You helped launch video game magazines including Mega Power, Games World and PowerStation – which magazine are you most proud to have been involved in?
There have been so many reasons to be proud of so many different magazines. I was massively proud to be the first person ever to edit the official magazine for his own TV show, when I launched Games World. That was a great editorial team to work with… all day, and often all through the night. Those guys are still my friends to this day and I will always appreciate them putting up with my ego. I was also proud of how we managed to put Mega Power out every month with only a three man team, and became the first console magazine to feature a cover CD. When I launched STATION for Rapide Publishing we were the only non-official PlayStation magazine that managed to put a playable disc on every issue. We got a record breaking first ABC of 132,645 and entered the country’s top 100 publications. The biggest selling non-official single format magazine of all-time. I both published and edited that launch personally. Well, if you want something doing right…
But I will always take the greatest pride in my film magazine DVD Monthly. This was my first launch with my own company Predator Publishing Ltd, and ran for over seven years. Lots and lots of hard work, lots and lots of laughs, and great, great times.
I would like to ask you about your past games:
What is your first gaming experience?
Pong I believe… or some Binatone variation thereof which my parents bought for me from Woolworths. And then later on Space Invaders, which I played after Ice Hockey training every Saturday.
My favourite computer was my Amiga and console the Megadrive do you have a favourite?
Favourite computer? Absolutely my Amiga 500. No question of doubt. That machine travelled everywhere with me and launched my career. If I could play on any one format for the rest of my life it would be that machine, armed with the 500k upgrade and a Competition Pro joystick. Simply the best gaming I have ever experienced. Kick Off 2, Gods, Wings, Speedball 2… just stunning. Can’t believe I sold it.
Do you have any prototype consoles from your Games World/Games Master times?
I used to. But I sold many of them to fans of the shows and to collectors. Except for the really rare and early ones. Which I keep safe. My favourite is what I believe is the world’s only working prototype of the Dave Perry Combat Pad. Bet you didn’t even know something like that had existed? The only pro gamer to have had his own signature peripherals? Yep, that’s me.
What is your favourite retro games top 10?
Games or machines?
Instead of going for trendy game aficionado choices like Elite, or Manic Miner or Tetris, I have instead decided to choose the games I have most enjoyed playing.
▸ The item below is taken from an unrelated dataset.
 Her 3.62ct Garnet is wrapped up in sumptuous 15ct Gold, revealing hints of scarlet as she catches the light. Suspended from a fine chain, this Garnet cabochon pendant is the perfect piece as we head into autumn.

These would be the 10 games that I could happily sit down and play any time. They are just as good today as they were when I first played them years ago.
Player Manager – Amiga
Kick Off 2 – Amiga
Wip3out – PlayStation
Mortal Kombat 2 – Coin-Op
5) Age of Empires – PC
6) Space Hulk – 3DO
7) Street Fighter – Coin-Op
Speedball 2 – Amiga
9) Gods – Amiga
10) MUDs – Amiga
As for games machines, these are the 10 that have given me the most pleasure through the years…
Commodore Amiga 500
Sega Mega Drive
Sony PlayStation 2
Do you still game on the current consoles if so what’s your favourite game?
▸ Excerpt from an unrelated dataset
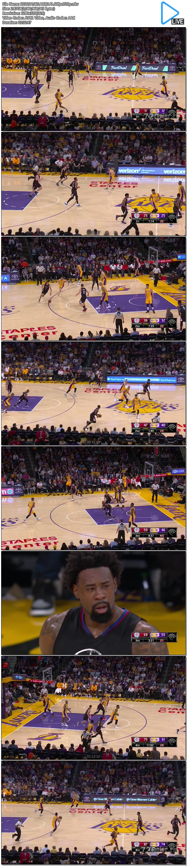 [NBA] LA레이커스 vs LA클리퍼스 160407 [초고화질,720P60fps] 다시보기 토렌트

These days I play mainly of Xbox 360 and my iPad. I like FIFA, Dragon Age and all the Call of Duty games… but the majority of my time is spent playing War Dragons online. I even write a blog for it. However, I do have a custom built Mortal Kombat arcade cabinet being delivered soon. So I shall be revisiting my golden days and finding out just how rusty I have really got.
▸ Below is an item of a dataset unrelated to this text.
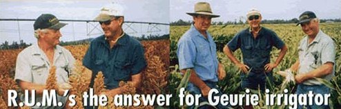 With 670-odd acres under pivot irrigation, Rod Stevenson and his fellow irrigators near Geurie, NSW, are hoping that recent encouraging rains continue. Their large cropping operations rely on water from the Macquarie River that in turn carries release from the Burrendong Dam. And the dam currently needs rain - lots of it. Rod has a 210 acre pivot watering his 'Bonus' sorghum. "This is our first season with R.U.M. and the good results so far will encourage us to look at other R.U.M. options like seed-dressing", Rod said. On 'Terra Bella', the long-held family property, Rod is also growing seed corn under contract to Pioneer. "They're out here twice a week monitoring the crop's progress. And they seem happy so far", said Rod's right-hand man, Graeme Delany. "Rod's pretty open to new ideas in plant nutrition and that's starting to come through with the R.U.M.-treated crops."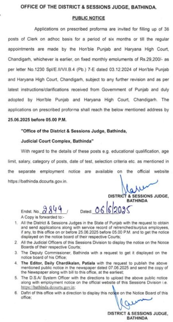 चंडीगढ़ 16/6/25 आर विक्रमा शर्मा अनिल शारदा प्रस्तुति —- पंजाब में ग्रेजुएट यानी बीए पास युवाओं के लिए सरकारी नौकरियों का पिटारा पंजाब सरकार ने खोल दिया है। 25 जून तक इच्छुक आवेदन करें। पंजाब में बीए पास युवाओं के लिए नौकरियां जारी की गई हैं। दरअसल, जिला एवं सत्र न्यायाधीश, बठिंडा ने 38 पदों के लिए आवेदन आमंत्रित किए हैं। पदों के लिए योग्य उम्मीदवार 25 जून तक फॉर्म भर सकते हैं। यह नौकरियां कोर्ट में निकली हैं।

What’s the worst game you have ever played?
Rise of the Robots. Looked great but was almost unplayable. Ha, ha. I really wanted to like it as I got on really well with the developers, but it was just dreadful. I am sure there were worse games, but that is the one that comes to mind just because I was so disappointed with it.
Finally, what feature or review would you like to see on Retro Games master?
A feature where you send me an Amiga 500 with a 500k upgrade and a Competition Pro Joystick and will see do a retro review every month of my favourite Amiga games. Which you will also send me. Ha, ha. See what I’m doing?